WORK TASK -
Of the lines in the data below, write out exactly those from the one holding "相(9画)良(7画) 智(12画)佳(8画)子(3画)" through the one holding "Liebherr ICBNdi 5153", both included.

Top of RECORDS SUPPLIED

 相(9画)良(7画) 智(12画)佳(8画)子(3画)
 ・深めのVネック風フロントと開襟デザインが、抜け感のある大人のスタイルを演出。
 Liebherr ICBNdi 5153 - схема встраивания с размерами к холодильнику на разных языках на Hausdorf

Bottom of RECORDS SUPPLIED
Top of RECORDS SUPPLIED

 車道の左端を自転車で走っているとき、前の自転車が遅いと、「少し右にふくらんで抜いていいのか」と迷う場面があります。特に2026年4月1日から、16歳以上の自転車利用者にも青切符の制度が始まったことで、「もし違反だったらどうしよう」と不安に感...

Bottom of RECORDS SUPPLIED

EXERCISE ANSWER -
 相(9画)良(7画) 智(12画)佳(8画)子(3画)
 ・深めのVネック風フロントと開襟デザインが、抜け感のある大人のスタイルを演出。
 Liebherr ICBNdi 5153 - схема встраивания с размерами к холодильнику на разных языках на Hausdorf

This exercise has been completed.